Настойчивость, прозвучавшая в его голосе, поразила Пруденс.
Он сел на стоявший рядом стул.
– Не так, – выразительно повторил он вполголоса, напряженно глядя на нее. Было в его глазах какое-то неподдающееся определению выражение, вызвавшее у Пруденс желание поверить ему. Он отвлекся, чтобы поприветствовать рассаживающихся гостей, потом снова наклонился к ней. – Я огорчен тем, что вы сочли меня таким злобным и вероломным.
Изобразив на лице улыбку, предназначенную другим гостям, Пруденс ответила ему также вполголоса:
– Огорчены? Представьте тогда мое огорчение. Вы ведь даже не сочли нужным извиниться за свое непростительное поведение в банях Махомеда.
– Я не извинился? – Его удивление было явно деланным.
– Нет, не извинились.
В глазах Рэмси снова заплясали веселые искорки.
– Похоже, мне придется извиняться за то, что я не извинился.
Он никак не хотел говорить серьезно. Казалось, он был на это просто неспособен. Да и она не смогла бы всерьез воспринять его в том костюме, что на нем был. Пруденс знала, что он пытался развеселить ее своим дурацким замечанием. Но она была в неподходящем для веселья настроении.
Гости постепенно занимали места за столом. Пруденс и Чарльз Рэмси не смогли бы продолжать разговор на тему об извинениях даже шепотом, а он так и не извинился перед ней должным образом, так, чтобы она почувствовала, что он действительно испытывает угрызения совести.
Легкомысленный Рэмси нервно облизал губы. Пруденс понравилось, что он выглядит слегка обеспокоенным.
– Если бы вы обязали меня, сыграв со мной в триктрак, может, я сумел бы все поправить, – предложил он.
Пруденс какое-то время обдумывала его предложение.
– Может быть, – ответила она наконец без всякого энтузиазма.
Он перегнул палку. Она больше не собиралась обращать на него внимание. Чарльз понял это, потому что, как только он открыл рот, собираясь снова заговорить с Пруденс, она демонстративно отвернулась от него и повернулась к джентльмену, сидевшему по другую сторону от нее.
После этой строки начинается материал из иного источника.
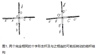 图1中是两个完全一样(画得不好,请大家发挥想象力)的十字形状支架子及与之相连的细杆结构。每个架子的支杆都可绕其中心(O或O’)转动。每个支杆的端点(A,B,C,D或A’,B’,C’,D’)都链接着一根与支架的杆子同等长度的细杆。每个细杆都可绕与支杆之间的链接进行前后转动,但不能在与所连接的杆子垂直的方向移动。这两个支架系统的选材要满足这样的条件:支架的材料要质量轻但强度大,不易变形,而与支架相连的细杆则要求质量大,也不易变形。这样就可以保证在转动过程中系统的惯性由细杆决定,而支架只是起到连接细杆以及实现转动的作用。
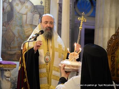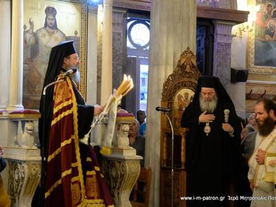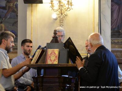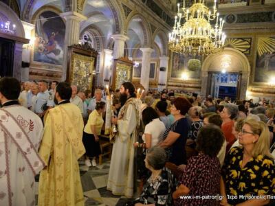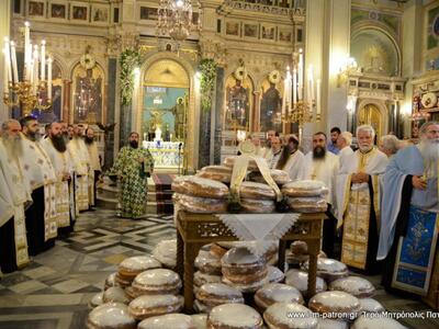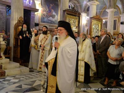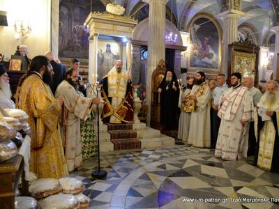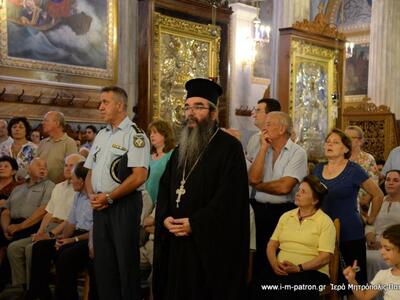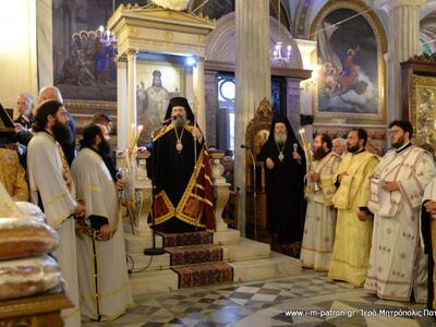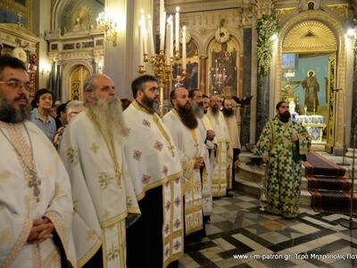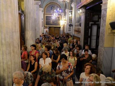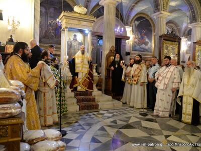 Στις 6:30 μ.μ. θα τελεστεί πανηγυρικός εσπερινός και ιερά παράκληση που θα προεξάρχει ο Αρχιμανδρίτης π. Αμβρόσιος Γκουρβέλος, προϊστάμενος του Ιερού Μητροπολιτικού Ναού Ευαγγελιστρίας Πατρών.

Его звали Понсонби, и он был известным волокитой. Она заговорила с ним о погоде. Понсонби в ответ поинтересовался, не та ли она молодая леди, чье высказывание о любовных романах он слышал чуть раньше.
– Прошу прощения, прервал Чарльз их разговор с намерением спасти Пруденс от Понсонби.
Пруденс нетерпеливо повернулась к нему.
– Да?
– А мне вы ничего не хотите сказать, мисс Стэнхоуп? – тихо, так, чтобы его не услышал Понсонби, проговорил Чарльз. – О погоде, обеде, нашем окружении.
Она избегала его взгляда. Тихо и вежливо, но с явным намеком на то, что с ним она разговаривать не желает, Пруденс ответила:
– Слишком много между нами осталось недосказанного, сэр, и светской болтовней не заполнить эту брешь.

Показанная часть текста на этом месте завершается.